津が、蜂岡皇子を紹介すると、小丹は座ったまま、上体を伏した。
皇子は、洞穴内を見渡す。
まっすぐの奥行きは、五間ほど。
その奥に、木炭が積まれていた。
「皇子、左の奥でございます」
津が入って行き、皇子が後に続いた。
「これは」
鍛冶場であった。
岩の地面に掘られた細い溝が洞穴の入り口から続いており、それによって、沢の清水が洞穴内部に引き入れられていた。

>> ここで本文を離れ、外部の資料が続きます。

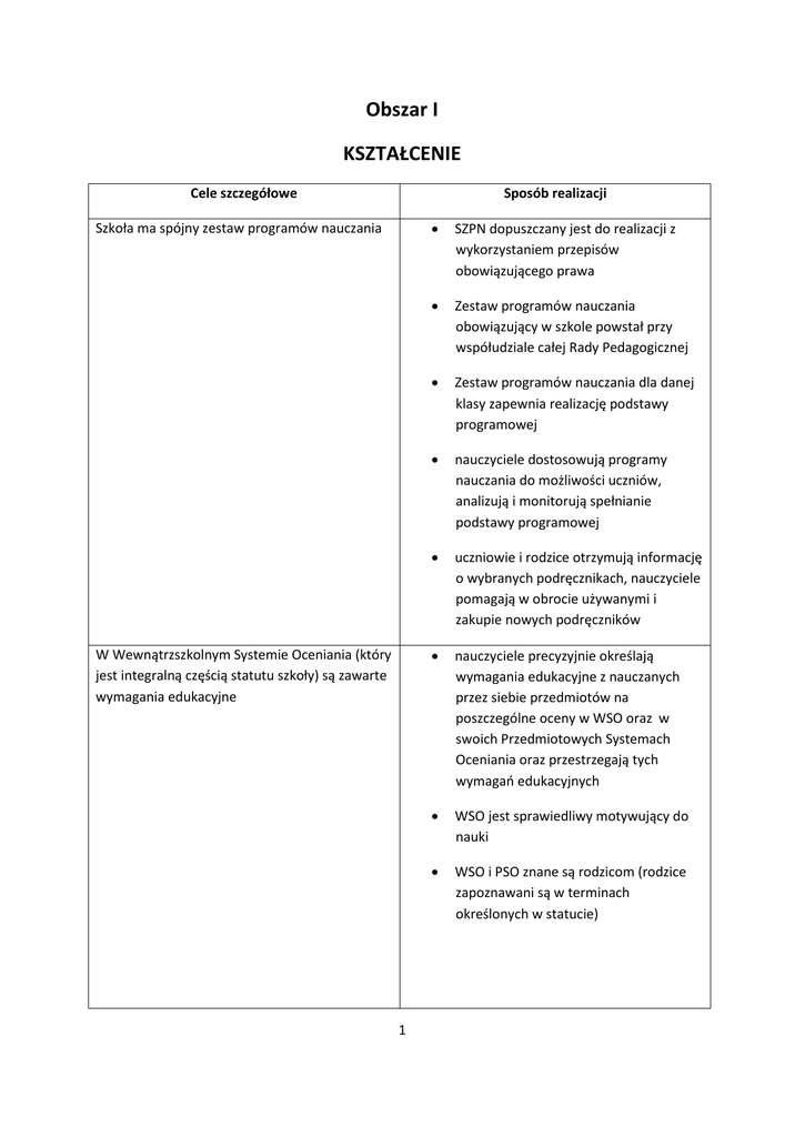 Obszar I KSZTAŁCENIE Cele szczegółowe Sposób realizacji Szkoła ma spójny zestaw programów nauczania W Wewnątrzszkolnym Systemie Oceniania (który jest integralną częścią statutu szkoły) są zawarte wymagania edukacyjne 1 SZPN dopuszczany jest do realizacji z wykorzystaniem przepisów obowiązującego prawa Zestaw programów nauczania obowiązujący w szkole powstał przy współudziale całej Rady Pedagogicznej Zestaw programów nauczania dla danej klasy zapewnia realizację podstawy programowej nauczyciele dostosowują programy nauczania do możliwości uczniów, analizują i monitorują spełnianie podstawy programowej uczniowie i rodzice otrzymują informację o wybranych podręcznikach, nauczyciele pomagają w obrocie używanymi i zakupie nowych podręczników nauczyciele precyzyjnie określają wymagania edukacyjne z nauczanych przez siebie przedmiotów na poszczególne oceny w WSO oraz w swoich Przedmiotowych Systemach Oceniania oraz przestrzegają tych wymagań edukacyjnych WSO jest sprawiedliwy motywujący do nauki WSO i PSO znane są rodzicom (rodzice zapoznawani są w terminach określonych w statucie) W szkole funkcjonują plany pracy z poszczególnych przedmiotów oraz plany wychowawców klasowych Szkoła umożliwia uczniom z trudnościami edukacyjnymi i wychowawczymi zdobycie umiejętności do uzyskania promocji Szkoła umożliwia uczniom wyrównywanie braków i zapobieganie narastaniu opóźnień nauczyciele opracowują plany pracy w ramach nauczanych przedmiotów W planach pracy nauczyciele projektują spełnianie standardów wymagań egzaminacyjnych (ponad przedmiotowych) plan wychowawcy klasowego jest spójny z programem wychowawczym i profilaktycznym szkoły w szkole uczą się dzieci ze specyficznymi trudnościami w nauce dzieci badane są w Poradni Psychologiczno Pedagogicznej pod kątem dostosowania programu nauczania do ich możliwości, orzeczenia o upośledzeniu w stopniu lekkim, dysleksji etc. nauczyciele zdobywają umiejętności do pracy z dziećmi ze specyficznymi trudnościami w nauce nauczyciele dostosowują ocenianie do powyższych wymagań w szkole zwraca się uwagę na dostosowanie egzaminu zewnętrznego do potrzeb uczniów ze specyficznymi i niespecyficznymi trudnościami w nauce dyrekcja i nauczyciele biorą udział w pozyskiwaniu pieniędzy unijnych na realizację programów wyrównujących szanse edukacyjne W szkole istnieje system organizacji zajęć dydaktyczno wyrównawczych W ramach godzin z art. 42 KN W ramach zajęć unijnych 2 W szkole przeprowadzane są diagnozy (w celu obserwacji przyrostu wiedzy u uczniów, ewentualnie prowadzenia działań naprawczych) W szkole analizuje się wyniki sprawdzianu zewnętrznego diagnoza przedszkolna diagnoza pierwszoklasisty diagnozy z wybranych przedmiotów bądź dziedzin wiedzy diagnoza przygotowania szóstoklasistów do sprawdzianu zewnętrznego (sprawdzian próbny) wnioski wykorzystywane są do planowania pracy szkoły : W szkole przeprowadza się badanie umiejętności kluczowych po pierwszym etapie nauczania- po III klasie działania naprawcze praca nad kształceniem najsłabszych umiejętności informacje dla nauczycieli na następnym etapie nauczania- diagnoza W szkole istnieją różne formy pracy z uczniami chcącymi rozwijać swoje umiejętności, zdolności, zainteresowania organizowane są zajęcia pozalekcyjne rozwijające zainteresowania uczniów uczniowie mają możliwość brania udziału w konkursach, przeglądach, zawodach (przygotowywani są do nich) 3 szczebel szkolny szczebel międzyszkolny szczebel gminny szczebel powiatowy Nauczyciele stosują aktywne metody pracy z uczniami W szkole istnieje system nagradzania i promowania uczniów zdolnych, pracowitych, reprezentujących szkołę na zewnątrz Szkoła śledzi losy swoich absolwentów a oni identyfikują się z naszą placówką 4 stosowane są metody aktywizujące na lekcjach, uroczystościach szkolnych prowadzone są innowacje pedagogiczne nauczyciele stosują w pracy z dziećmi metodę projektu indywidualizacja pracy zapewnia szanse osiągania sukcesu każdemu uczniowi zadania uwzględniają predyspozycje uczniów istnieje integracja między przedmiotowa gratulacje na apelu w obecności całej społeczności szkolnej pochwała ustna na oficjalnej uroczystości szkolnej, w obecności rodziców, przedstawicieli władz samorządowych, gości nagrody na zakończenie roku szkolnego stypendium szkolne ( za naukę, za osiągnięcia sportowe) absolwenci na dalszych etapach nauki poszerzają swoje zainteresowania zaszczepione w naszej placówce (udział w określonych konkursach, rajdach, zwiedzanie określonych miejsc, udział w kulturze…) odnotowywane są informacje o wyborach szkół przez naszych absolwentów absolwenci odbywają w naszej placówce praktyki, staże absolwenci uczestniczą w uroczystościach, świętach, zabawach organizowanych przez szkołę Obszar II WYCHOWANIE I OPIEKA Cele szczegółowe Sposób realizacji W szkole funkcjonują: Programy są: Program Wychowawczy tworzone z udziałem całej szkolnej społeczności opiniowane przez rodziców znane całej szkolnej społeczności aktualizowane corocznie Program Profilaktyczny Program Profilaktyki Uzależnień Uczeń w szkole czuje się bezpiecznie Uczniowie mają zapewnioną pomoc psychologiczną i pedagogiczną, pielęgniarską 5 krzesła i ławki dostosowane do wzrostu dyżury nauczycielskie na przerwach, przed i po lekcjach opieka w czasie zajęć pozalekcyjnych i pozaszkolnych opieka w świetlicy szkolnej odprowadzanie dzieci z autobusu szkolnego rano i do autobusu po południu wszelkie przejawy agresji są rozpoznawane, diagnozowane i niwelowane zajęcia pedagogiczne, integracyjne na terenie szkoły kierowanie na zajęcia do Poradni Psychologiczno Pedagogicznej współpraca z pielęgniarką szkolną z terenu przychodni lekarskiej w Warcie (badania przesiewowe i bilansowe, fluoryzacja, badania zdrowotne przed zawodami sportowymi) Szkoła zna środowisko

岩盤の床は、穿ち削られ、穴や幾筋もの太さの違う溝が掘られていた。
「小丹や、砂鉄を持ってきた。蜂岡様に、鍛冶をご覧いただこう」
小丹が立ち上がり、準備を始める。
炭火は絶やされない。常に熾きている。
小丹は、里に木炭を取り行く時、また河原で餅鉄を拾う時以外は、洞穴から出ない。
まず、その囲炉裏に、木炭が何本か足された。
小丹が火吹竹を吹き、その新しい炭に火を移す。
囲炉裏の横には、長辺が三尺ほどの長方体をした木製のフイゴがあり、その横に特殊な焼き物(今のレンガのようなもの)で組まれた直径一尺ほどの小さな釜があった。溶鉱炉である。
溶鉱炉の左右には鉄の棒が付いている。
フイゴから出た竹筒は、その溶鉱炉に風を送る。
「助を頼もう」
小丹が声を掛けると、男たちは持ち場に付き、各々の決められた役目を担った。
「皇子は、そちら、少し離れて御覧ください」
男たちは手に獣皮の分厚い大手袋をした。
小丹が鉄鋏で、赤熱した炭を溶鉱炉の下に順次くべ、適宜、足される。
フイゴは、向かい合った二人の男が互い交互に、引き棒を押し引きして風を起こし、溶鉱炉に送る。
この風起こしは、二人ずつ交代で行う。
津が、溶鉱炉に砂鉄を入れる。
四半刻ほどで、溶鉱炉内の砂鉄が溶け、赤色に発光し始めた。
さらに四半刻。
「はい」
小丹が声を発すると、風起こし待機組が、溶鉱炉の左右の棒を持って、左奥の岩盤部屋に運んで、展開した。
溶けた鉄は、穴と溝に流れて、急激に冷やされる。
「これが、固まったものが銑となります」
津が、以前に作っておいた銑鉄の欠片を皇子に持っていって見せた。
「これを、その鍛冶場で鍛えます」
岩盤の奥が、鍛冶場となっている。
小丹が鉄鋏で銑鉄を掴み、それに溶鉱炉で火を入れる。
風起こしをしていた男たちが鉄の大鎚を手に待ち、鍛冶場に入る。
火を入れ、鍛える。
また、火を入れ、鍛える、の繰り返しである。
「キンキン、キンキン」
洞穴の中に金属音が響く。
洞窟の内部がそれほど暑くならないのは、洞窟が地下に繋がっていて、そこから僅かな風が送られて来ているからだと、津は皇子に説明した。
それから半刻。
鉄は出来上がった。
長方形の少し湾曲した平たい形だった。
「これは鍬の刃でございます。小丹は、刀も鍛えることができます。いまは、主に農具しか造りません。この霊場ができた初めは、我ら使う刀や槍先などを造ってみました。いまも時には、桑などを刈る屶。木を伐る大鉈を造ることもあります」
津は続ける。
「鉄の鍬があったから、大和の都には稲田が出来、灌漑水路が出来たのでございます。砂潟にて灌漑を行うには、相当の人手と時を要します。我らは、まず、黒山の麓に稲田を開墾する計画でございます。稲田は傾斜がある地から始めるのが基本です。上から下へ。そうすれば、水は上の稲田から、下の稲田へ流れますゆえ。大和にても、そうして稲田が始まりました。この地にても同じことです。そのための鉄でございます。我らがこの地に来たのは、そのためにございます」
月山山頂のすぐ下に、鍛冶小屋跡という場所が遺っている。
これも、かつては秦の民の霊場の一つであったのだろう。
そして、この小丹の流れを汲む者らが、月山の刀工となり、後に名刀「月山」を産んだのかも知れない。
それはさておき、この黒山の沢奥の洞穴が、第一の霊場であった。
秦黒山、羽黒山信仰は、まさにここから始まったのである。